Data records:
┌──

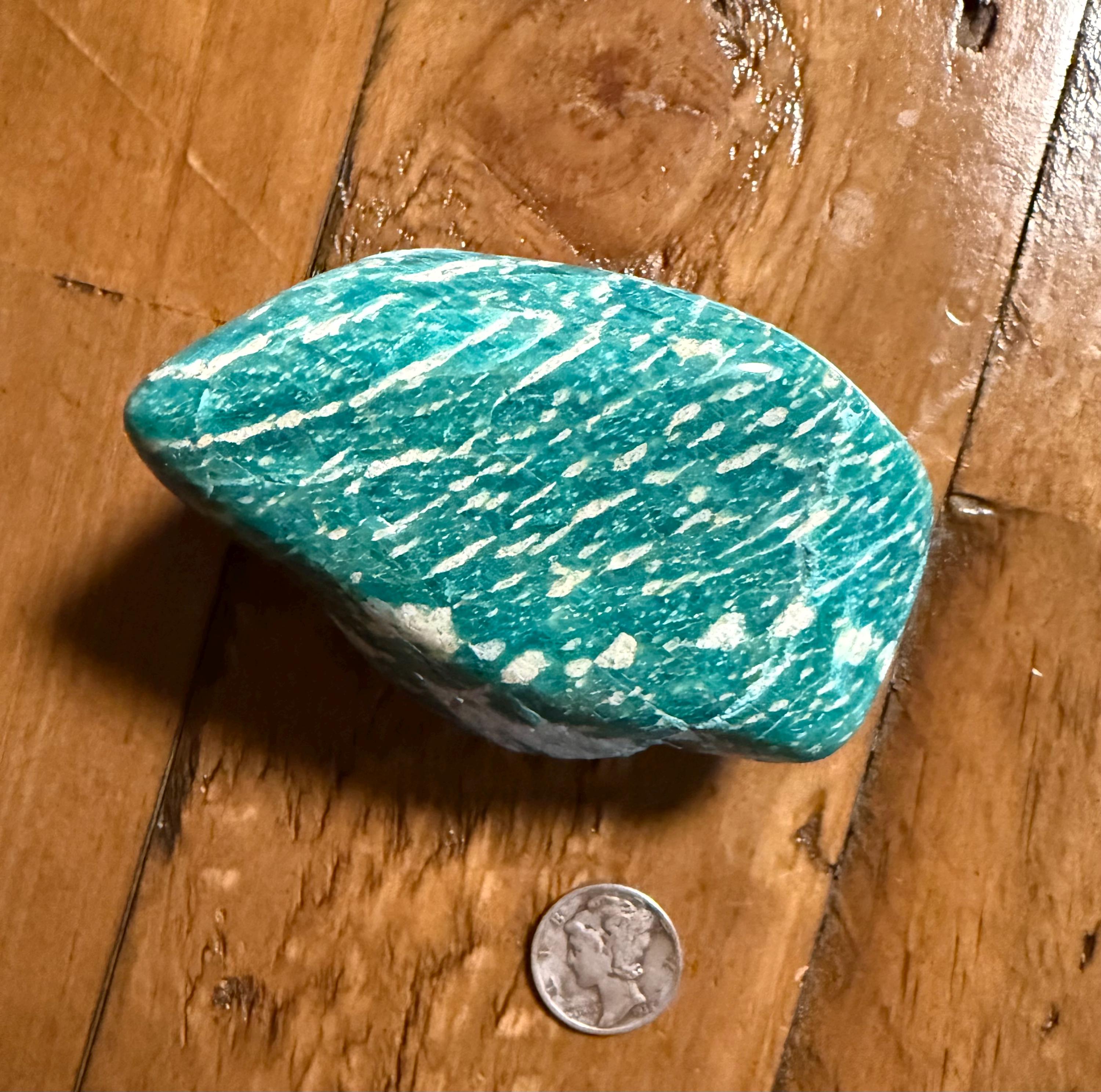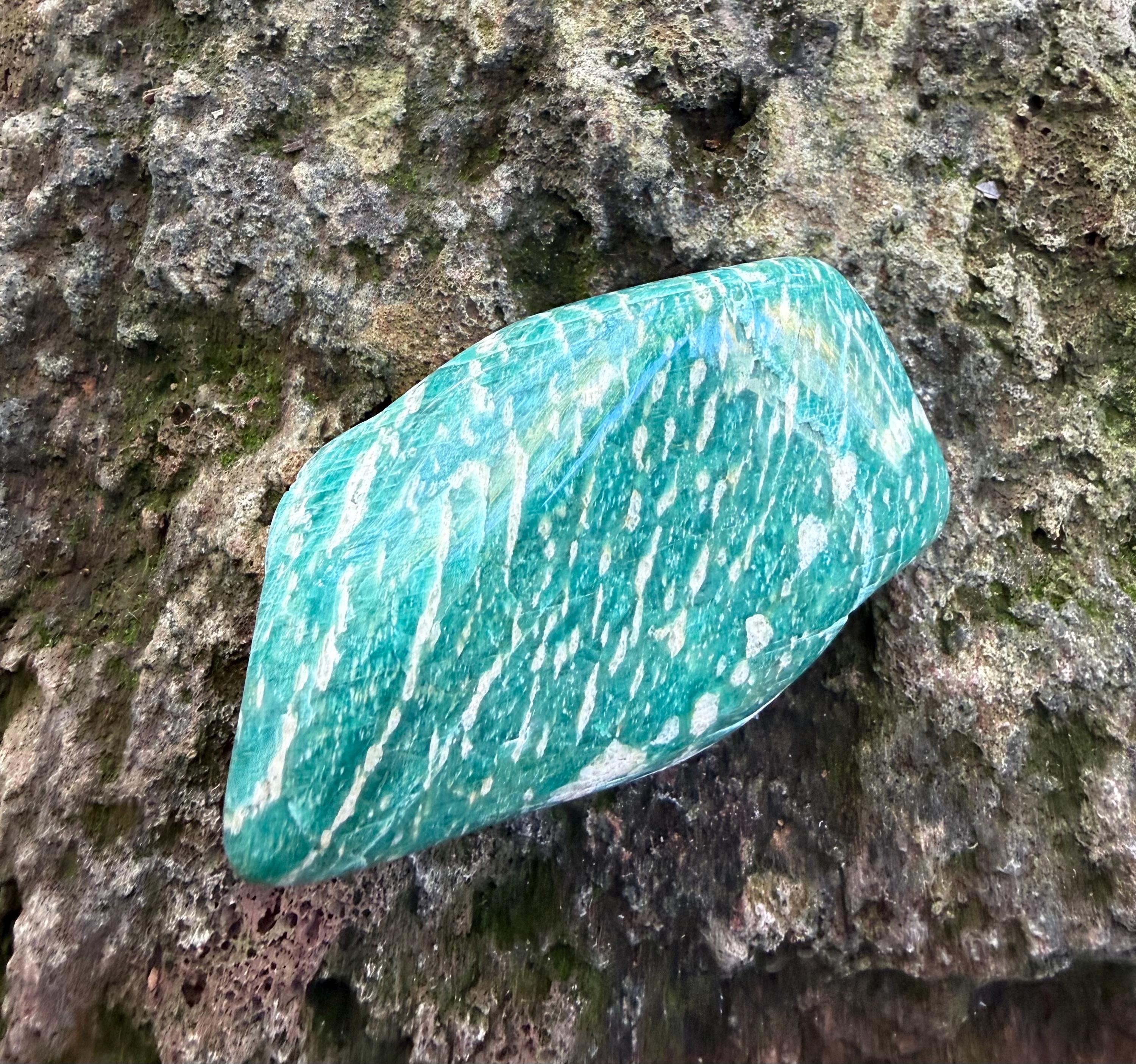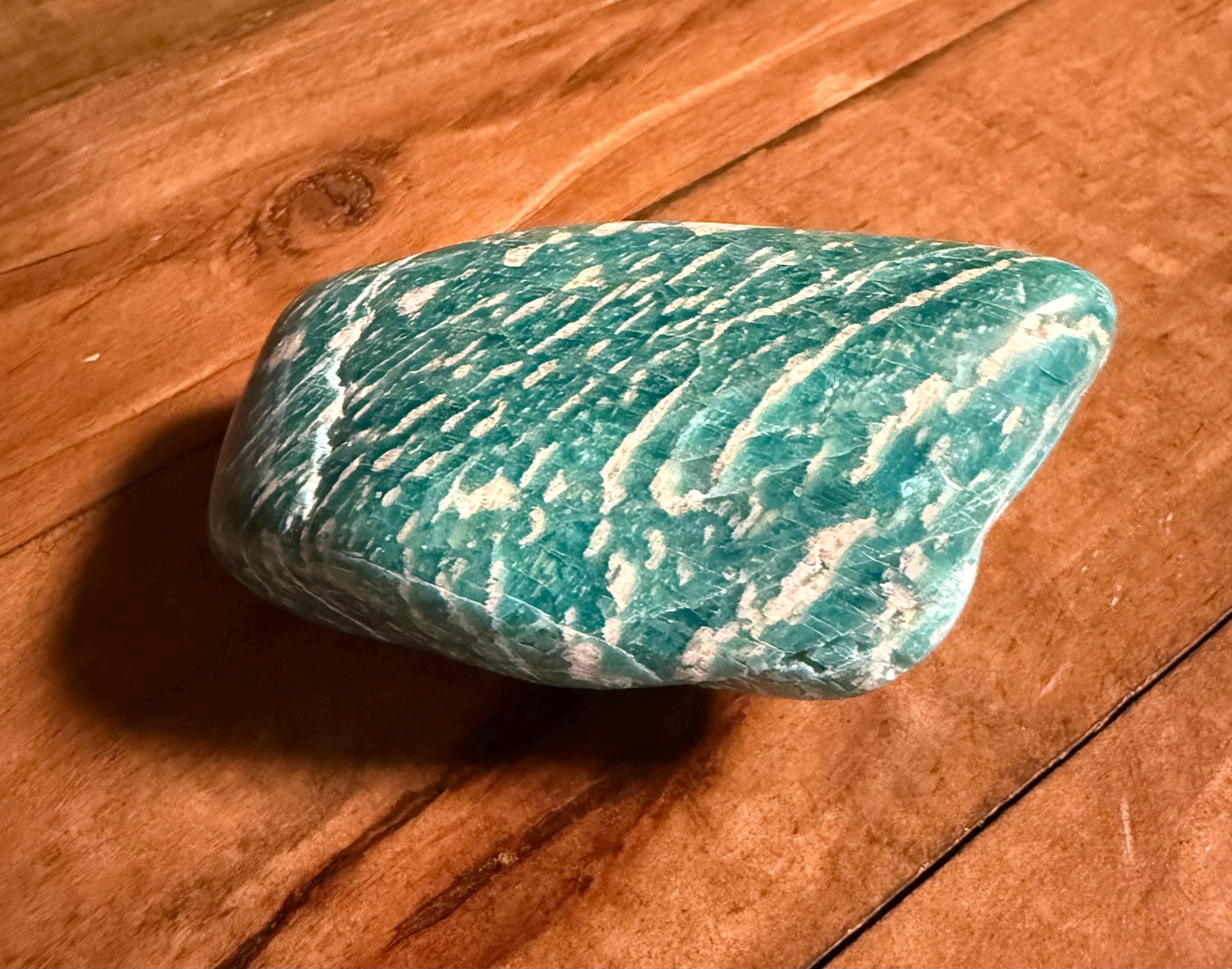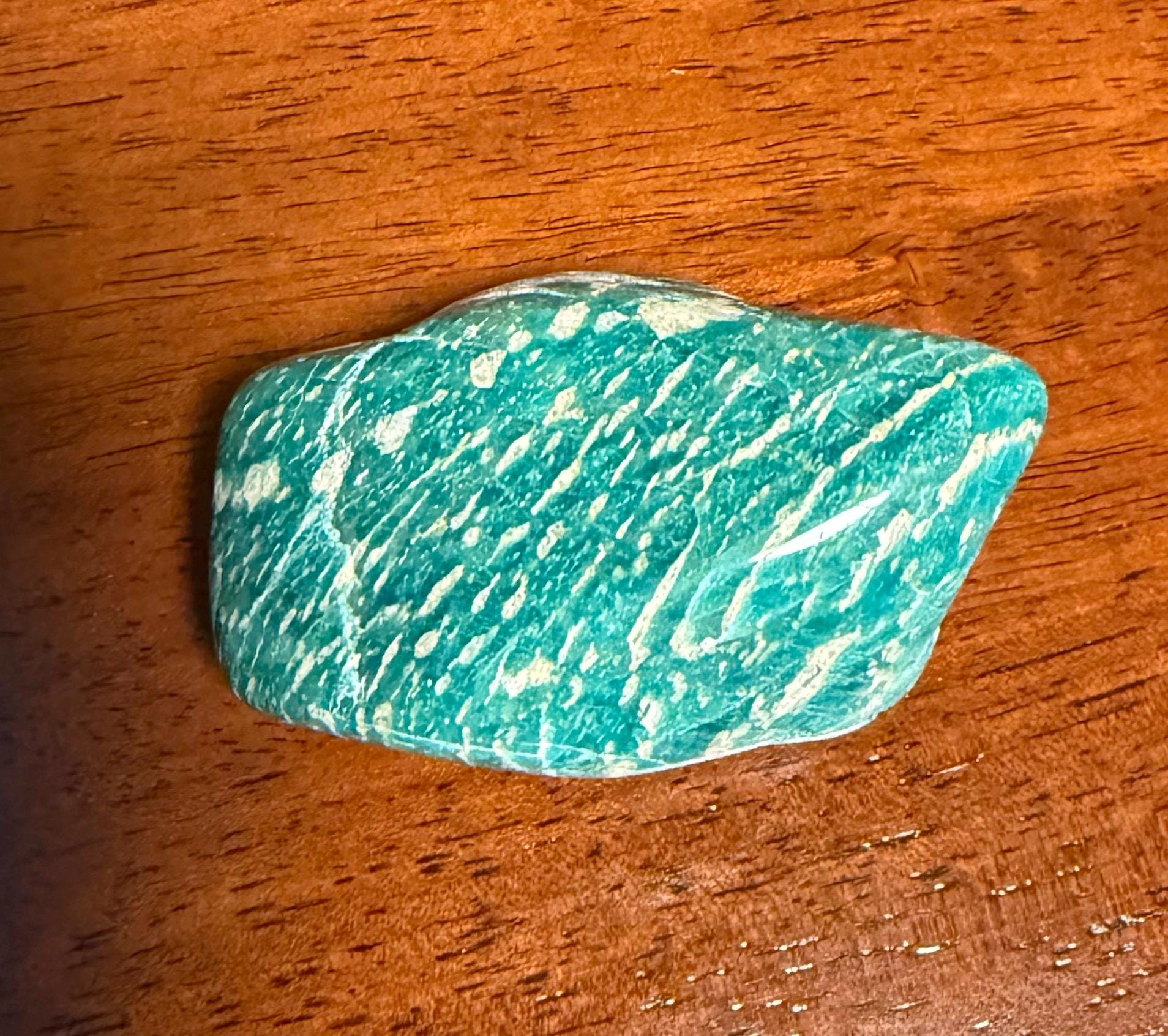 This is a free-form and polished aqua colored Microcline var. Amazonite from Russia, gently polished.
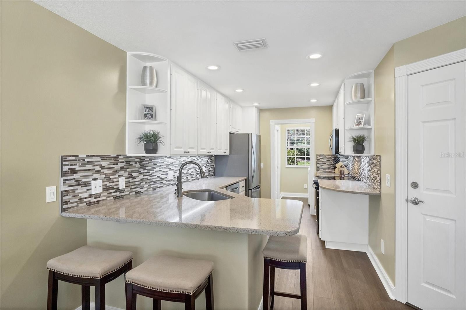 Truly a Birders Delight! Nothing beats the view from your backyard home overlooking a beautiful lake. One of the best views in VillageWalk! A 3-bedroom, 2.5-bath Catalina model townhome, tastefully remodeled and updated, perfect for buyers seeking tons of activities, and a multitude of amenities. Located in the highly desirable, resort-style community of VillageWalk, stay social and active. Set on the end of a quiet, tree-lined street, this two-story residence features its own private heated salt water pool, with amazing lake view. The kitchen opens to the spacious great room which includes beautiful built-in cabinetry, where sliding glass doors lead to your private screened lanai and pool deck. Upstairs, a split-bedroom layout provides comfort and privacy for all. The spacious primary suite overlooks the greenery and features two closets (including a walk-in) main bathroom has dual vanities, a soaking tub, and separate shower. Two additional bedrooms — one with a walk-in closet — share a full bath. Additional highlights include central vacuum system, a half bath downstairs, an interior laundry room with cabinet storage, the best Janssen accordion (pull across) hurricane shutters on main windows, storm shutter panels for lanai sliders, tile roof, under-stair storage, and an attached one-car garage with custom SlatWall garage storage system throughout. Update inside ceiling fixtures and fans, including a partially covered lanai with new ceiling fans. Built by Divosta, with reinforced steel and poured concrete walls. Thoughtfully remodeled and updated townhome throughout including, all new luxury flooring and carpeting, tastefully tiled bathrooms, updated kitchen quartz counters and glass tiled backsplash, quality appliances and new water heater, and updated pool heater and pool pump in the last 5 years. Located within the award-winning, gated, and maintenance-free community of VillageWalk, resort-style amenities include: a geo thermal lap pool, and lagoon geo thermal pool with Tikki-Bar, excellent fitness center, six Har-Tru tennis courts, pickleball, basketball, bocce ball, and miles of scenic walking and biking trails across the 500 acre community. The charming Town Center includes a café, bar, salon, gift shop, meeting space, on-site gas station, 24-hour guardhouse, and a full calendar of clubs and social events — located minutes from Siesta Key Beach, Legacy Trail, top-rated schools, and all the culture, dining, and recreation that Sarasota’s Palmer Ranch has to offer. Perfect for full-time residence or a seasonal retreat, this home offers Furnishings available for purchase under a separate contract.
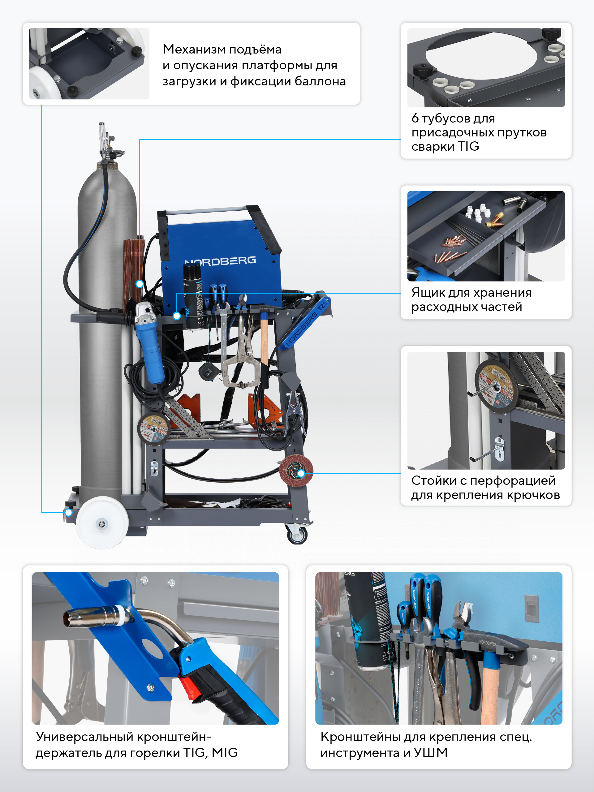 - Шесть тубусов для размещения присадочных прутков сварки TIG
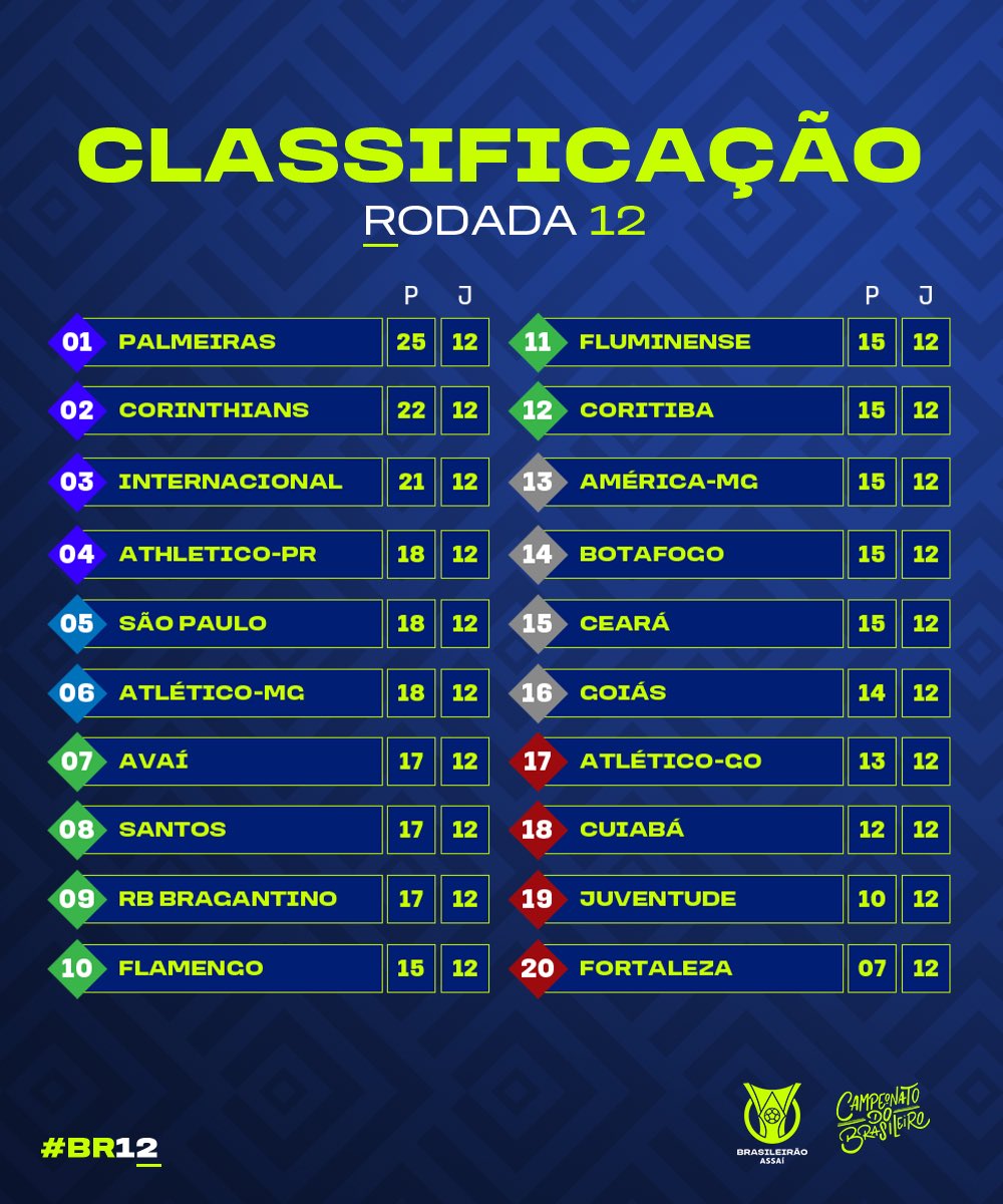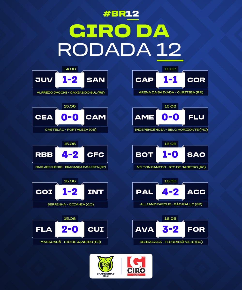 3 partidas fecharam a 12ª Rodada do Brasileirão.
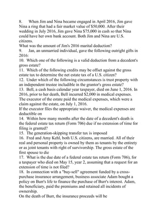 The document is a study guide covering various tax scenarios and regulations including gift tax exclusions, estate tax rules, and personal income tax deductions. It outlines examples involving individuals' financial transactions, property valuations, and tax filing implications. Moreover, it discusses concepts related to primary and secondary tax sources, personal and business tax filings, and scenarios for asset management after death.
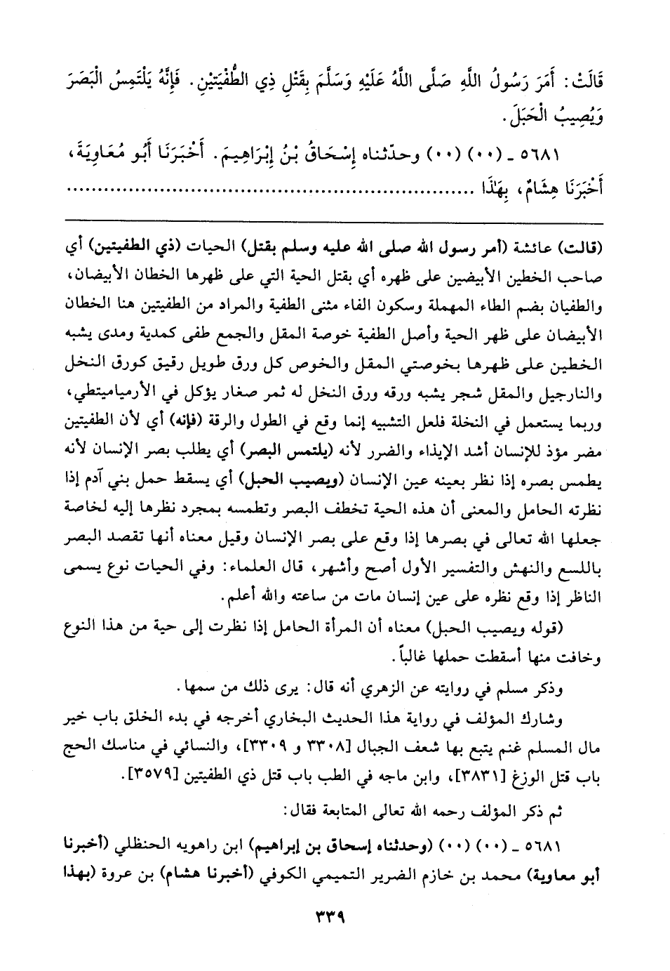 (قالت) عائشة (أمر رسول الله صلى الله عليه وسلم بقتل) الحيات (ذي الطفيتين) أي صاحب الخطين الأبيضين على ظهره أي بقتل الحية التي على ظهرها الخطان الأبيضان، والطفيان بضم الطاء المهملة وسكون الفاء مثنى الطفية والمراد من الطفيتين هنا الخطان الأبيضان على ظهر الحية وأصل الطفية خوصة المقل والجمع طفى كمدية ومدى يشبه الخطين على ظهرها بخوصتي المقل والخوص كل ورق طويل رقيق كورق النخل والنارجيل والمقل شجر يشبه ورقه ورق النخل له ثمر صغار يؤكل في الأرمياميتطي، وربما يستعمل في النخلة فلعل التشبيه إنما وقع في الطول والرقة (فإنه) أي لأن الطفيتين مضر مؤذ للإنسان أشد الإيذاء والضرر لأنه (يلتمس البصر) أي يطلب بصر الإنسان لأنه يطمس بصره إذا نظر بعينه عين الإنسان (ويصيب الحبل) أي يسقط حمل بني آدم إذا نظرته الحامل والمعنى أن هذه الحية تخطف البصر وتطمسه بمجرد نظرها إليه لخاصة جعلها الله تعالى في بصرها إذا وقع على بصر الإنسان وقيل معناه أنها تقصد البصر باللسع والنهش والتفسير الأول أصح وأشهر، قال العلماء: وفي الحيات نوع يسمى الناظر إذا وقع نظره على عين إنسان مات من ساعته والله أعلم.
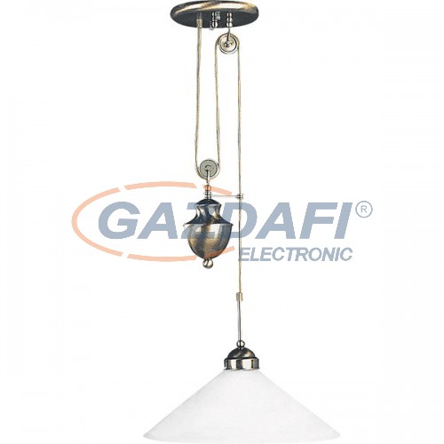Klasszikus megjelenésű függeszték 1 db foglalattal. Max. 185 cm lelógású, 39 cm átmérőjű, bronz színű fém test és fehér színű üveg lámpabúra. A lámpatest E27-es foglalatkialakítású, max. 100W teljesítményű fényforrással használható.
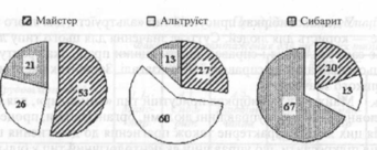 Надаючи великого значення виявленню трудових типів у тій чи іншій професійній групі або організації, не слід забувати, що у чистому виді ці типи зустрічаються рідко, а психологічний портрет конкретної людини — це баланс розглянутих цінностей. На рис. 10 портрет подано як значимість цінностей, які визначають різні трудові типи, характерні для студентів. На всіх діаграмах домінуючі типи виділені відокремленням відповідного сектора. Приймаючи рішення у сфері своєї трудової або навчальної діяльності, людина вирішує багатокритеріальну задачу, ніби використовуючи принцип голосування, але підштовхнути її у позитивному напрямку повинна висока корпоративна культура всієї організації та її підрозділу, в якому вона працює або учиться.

└──

* What to do
Using the entries above, extract exactly the lines from the one that contains "- Шесть тубусов" through the one that contains "The document is". Do not carry over any pictures.

* Result of this task
 - Шесть тубусов для размещения присадочных прутков сварки TIG
 3 partidas fecharam a 12ª Rodada do Brasileirão.
 The document is a study guide covering various tax scenarios and regulations including gift tax exclusions, estate tax rules, and personal income tax deductions. It outlines examples involving individuals' financial transactions, property valuations, and tax filing implications. Moreover, it discusses concepts related to primary and secondary tax sources, personal and business tax filings, and scenarios for asset management after death.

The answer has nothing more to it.